Creatives
"So...yeah, we've got this fantastic idea here. It's totally ground-breaking and we think it works well."
Client
"OK. Yeah I see where you're going with it. What about putting something Star Wars-ee in it?"
Creatives
"Umm. What?"
Client
"Can you put Yoda in it? People can really identify with Yoda's values. He's magic and for our brand to be associated with that, well, you can't put a price on that shit."
Creatives
"So you mean, like, Yoda from Star Wars? In this ad?"
Client
"I think we should put Yoda in it, yes."
Creatives
"Right. But there was nothing about Star Wars in the brief."
Client
"Put Yoda in it you must. Lose business you will."
Creatives
"Cool. Yoda's a'ight."
Freakin' Vodafone. Just look at this.
Right. I'm sure this has been pointed out before, but they could have said, "Yodafone." Actually, that's rubbish because it's an obvious pun, so scratch that. They could have definitely done something more interesting and relevant with the copy though. "Turn your old phone into cash we will." What the hell is wrong with that? Nothing. Lazy advertising it is. And jeez the TV advert....

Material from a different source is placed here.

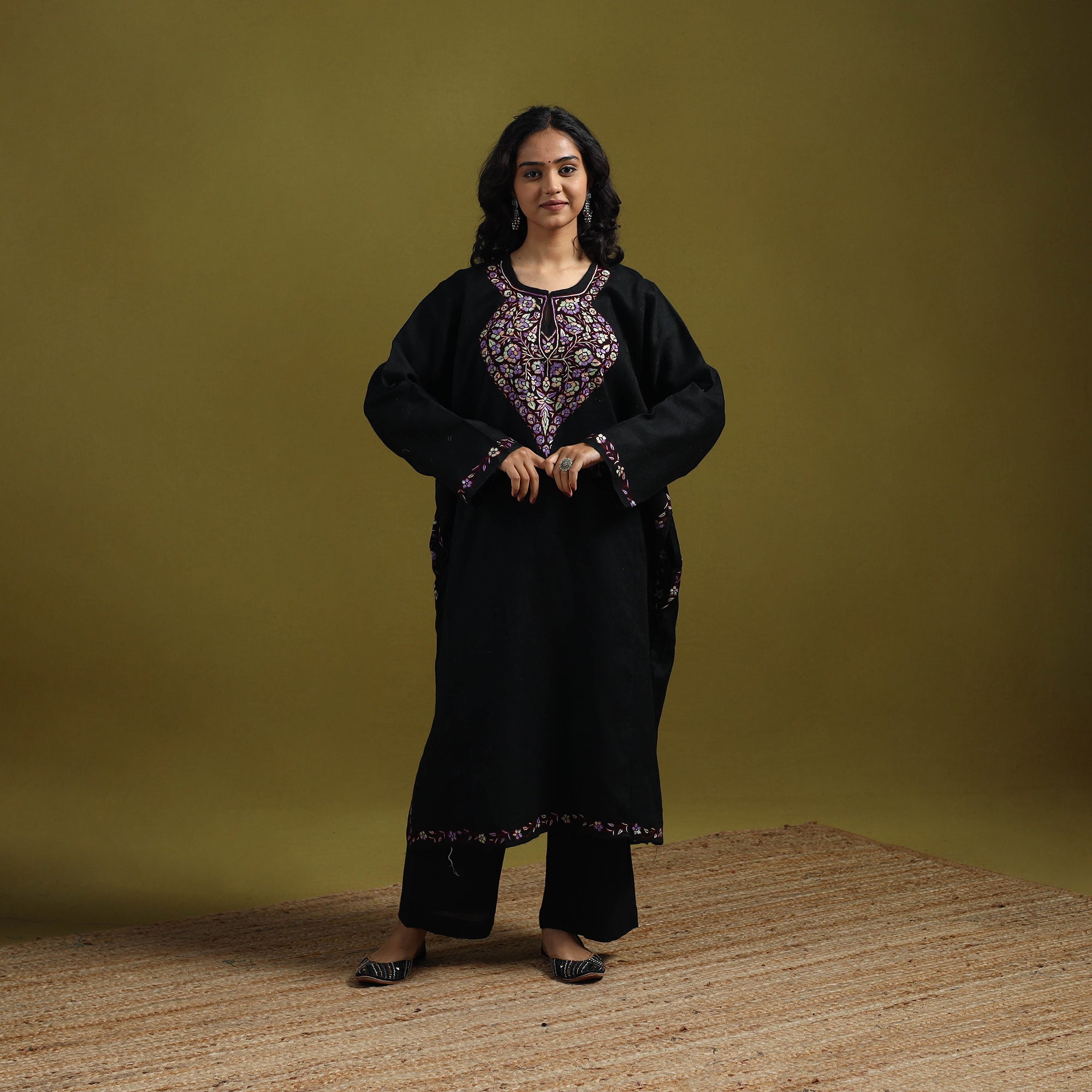 Handwoven pheran is crafted from soft merino wool and adorned with fine sozni hand embroidery, carefully made by skilled artisans Nakeeb, reflecting Kashmir’s rich textile heritage. The pheran features two side pockets for everyday comfort. Perfect for winter days as well as special occasions.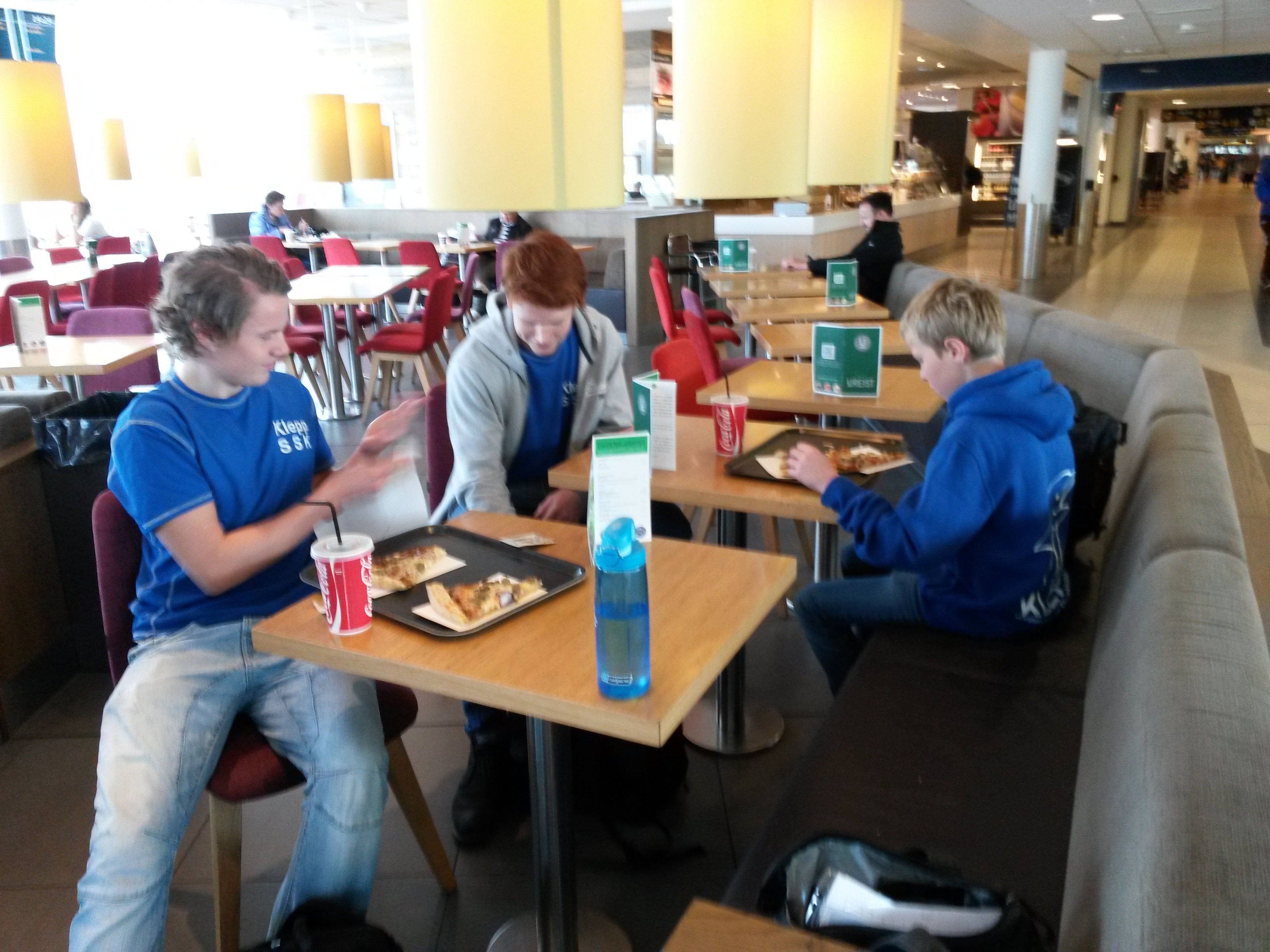 Klokken 07.00 ble frokost servert. Mange ble lange i maske da de så at det kun var en toastskive med syltetøy, juice og varm melk. Da var det godt at ” Steinars Take Away ” sto parat rett etter trening.

What the fuck? Why is Yoda in a restaurant? Why is he entertaining mindless chat from a couple of smug, overzealous, pompous, vexatious toids? And he's dead isn't he? Dead. Which is what Vodafone is to me now. The minute someone tries to suggest that some douchebag in a restaurant can teach Yoda about anything doesn't deserve a millisecond of my time. That's exactly why I've spent the last 30 minutes writing about it.
Other Star Wars bandwagon offenders include VW, Adidas, Currys....loads of them. Millions. The only people they're helping are George Lucas' shirt makers as his neck grows more and more massive thanks to endless gorging on sweet, meaty bank notes.
Cheers guys. Awesome. I look forward to the special edition 3D versions with 45 hours of bonus extras.